**Directions**
The lines in the listing below are to be given again exactly, starting at the line holding "Fotos: Alte Hausnummer" and ending at the line holding "护工在给不能自理的孩子捏腿一家8口组成了特殊家庭". Do not include pictures.

**Data**
....................
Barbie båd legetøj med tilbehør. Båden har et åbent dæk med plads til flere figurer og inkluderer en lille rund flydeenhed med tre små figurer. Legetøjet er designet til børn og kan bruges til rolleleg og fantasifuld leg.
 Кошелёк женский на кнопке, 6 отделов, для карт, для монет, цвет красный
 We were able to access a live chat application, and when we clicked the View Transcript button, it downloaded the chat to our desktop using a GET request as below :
....................
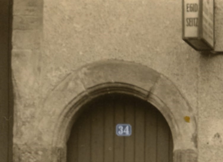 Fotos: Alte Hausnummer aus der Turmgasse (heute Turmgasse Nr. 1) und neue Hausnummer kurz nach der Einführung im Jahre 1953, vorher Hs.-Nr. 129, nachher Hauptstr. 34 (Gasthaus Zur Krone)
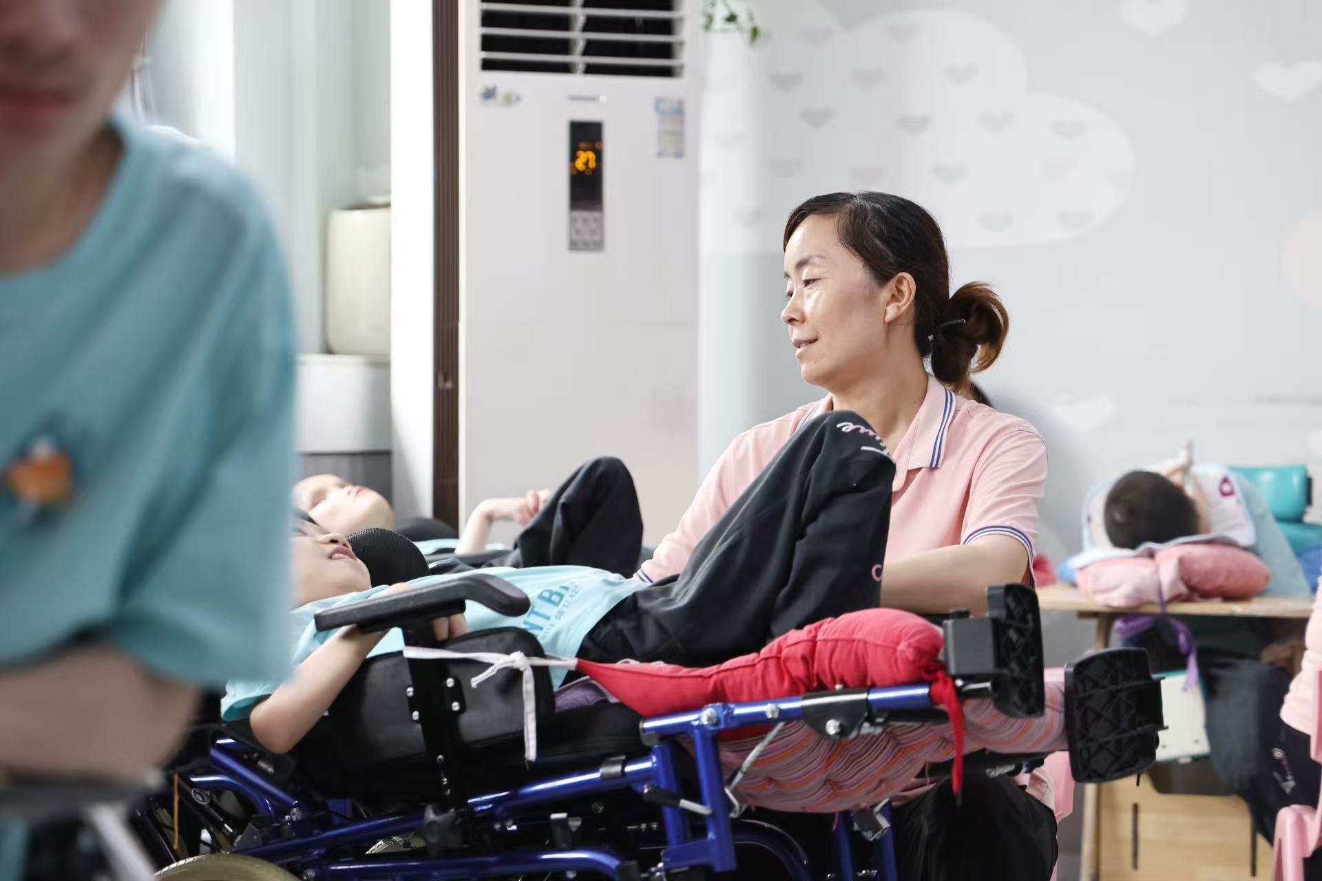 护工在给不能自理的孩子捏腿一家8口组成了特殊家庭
....................
**Output for this task**
 Fotos: Alte Hausnummer aus der Turmgasse (heute Turmgasse Nr. 1) und neue Hausnummer kurz nach der Einführung im Jahre 1953, vorher Hs.-Nr. 129, nachher Hauptstr. 34 (Gasthaus Zur Krone)
 护工在给不能自理的孩子捏腿一家8口组成了特殊家庭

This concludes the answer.